Monday, September 15, 2014

When the hormones are gone.

"Everyone told me how little sleep I would get, but they never mentioned how much I wouldn't mind the lost hours of slumber. They never told me that seconds with him would be so delicious I'd gobble them all up and still not be full. Even when he is crying and fussy, which he almost never is, I love being with him. At night I pull his cradle as close to the bed as I can and fall asleep with my hand caressing his chubby little face. If I weren't so afraid of suffocating him he'd sleep next to me. "

Oh the things one will write when in a hormone induced postpartum fog.  Five years later the hormones are gone and I'm left with the reality that there are days when gobbling him up sounds like the best plan of all.  The cute cooing blob of baby goo has been replaced with an opinionated and strong willed four-year-old who stomps his foot while demanding ice cream for breakfast.

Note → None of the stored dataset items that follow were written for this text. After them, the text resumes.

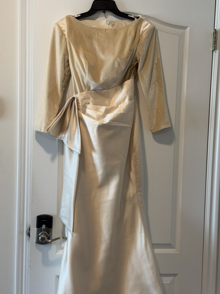 VenmoUnworn formal floor length champagne (creamy gold) dress from cocomelody.com It came too late to wear to my daughter’s wedding. Velvet top and thick satin skirt. Very nice fabric. Size 4 Paid $130 asking $60 Thank you!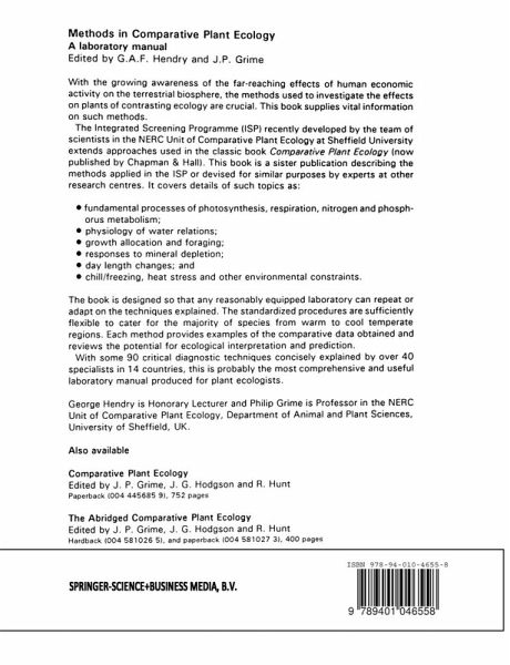 Methods in Comparative Plant Ecology: A laboratory manual is a sister book to the widely acclaimed Comparative Plant Ecology by Grime, Hodgson and Hunt. It contains details on some 90 critical concise diagnostic techniques by over 40 expert contributors. In one volume it provides an authoritative bench-top guide to diagnostic techniques in experimental plant ecology.
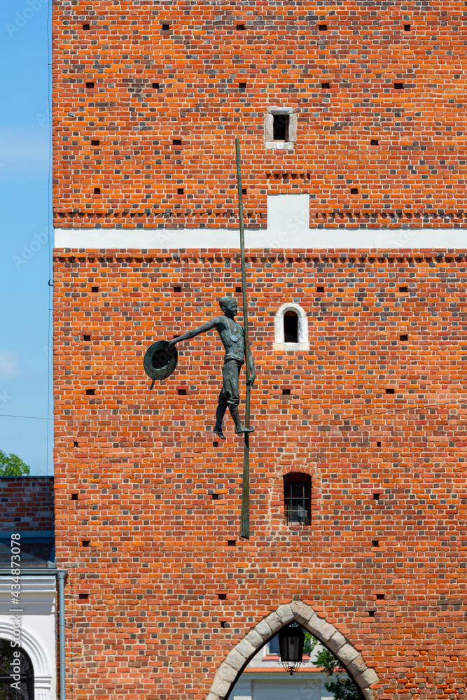 Fototapeta 14th century gothic entrance Opatowska Gate, sculpture of a bargeman going down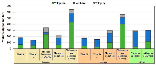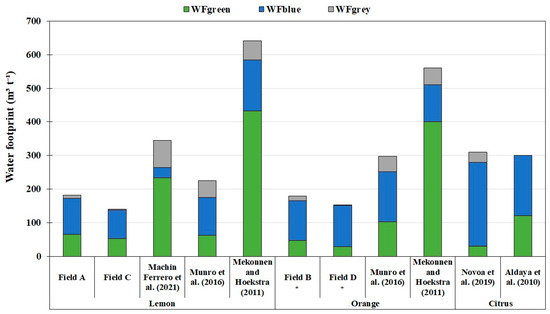 Global comparison of the direct water footprint (green, blue, and grey) estimated for various citrus productions by Mekonnen and Hoekstra [1], Machin-Ferrero et al. [7], Munro et al. [20], Novoa et al. [21] and Aldaya et al. [56]. For fields A–D, the blue water footprint considering the irrigation program and 50 mg L−1 as the maximum nitrogen concentration allowed were used. * Organic plots.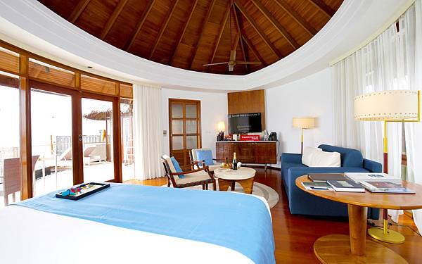 Water villa最適合愛侶二人世界,樓底高所以感覺特別寬敞,佈置簡約舒適,房間佈局分明,左邊係睡房,右邊係浴室,房間仲有個喺馬爾代夫酒店好少見嘅對流窗,打開窗同露台玻璃門空氣對流,清風送爽,唔洗成日開冷氣都好舒服!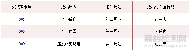 入組過程中,所有受試者均簽署了知情同意書,并接受了研究人員的詳細解釋和指導(dǎo)。研究期間,大部分受試者均按照研究方案完成了各項試驗任務(wù),包括給藥、血樣采集和隨訪等。然而,也有少數(shù)受試者因各種原因退出了研究。具體情況如下表所示: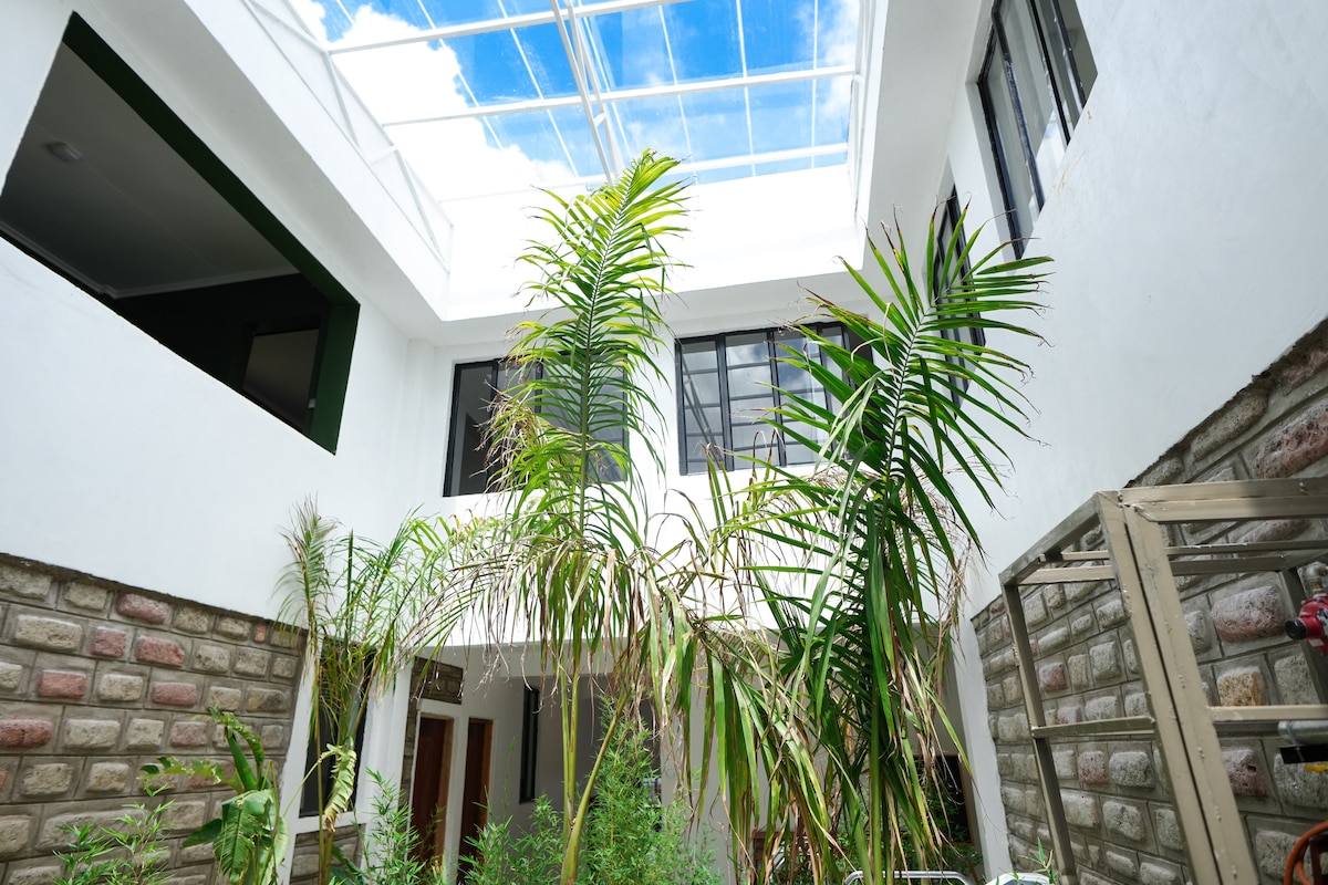 Your sunny, shipping container studio! Perfect stopover for solo travelers, whether for business or leisure Conveniently located just 30 minutes from the airport, the space is a short ride to Nairobi National Park, Giraffe Centre, malls, restaurants, and cultural sites It offers full privacy, and modern comforts, in the heart of leafy, secure Karen Enjoy a queen bed, stocked kitchenette, fast Wi-Fi, hot shower, garden space, laundry access and on-site caretaker Discount for stays 7+ days

I don't love being a parent as much as I thought I would, but I love him.  I love him more than I ever thought I was capable of loving another human.  So, I agree to play another game of memory or build a rocket out of play doh for the 100th time even though I'd rather be watching Grey's or writing a blog post.

2 comments:

Dena Wood said...

As honest and endearing as I've ever heard it put. There are so many times I wish I'd done it different. A flash of the past will steal in the backdoors of my mind and I'll see the whole scenario and want to reach out and tell that younger me to stop and do that again, differently. You are a breathe of fresh air.

Sandra said...

Thank you! I'm sure I'll want a thousand take backs.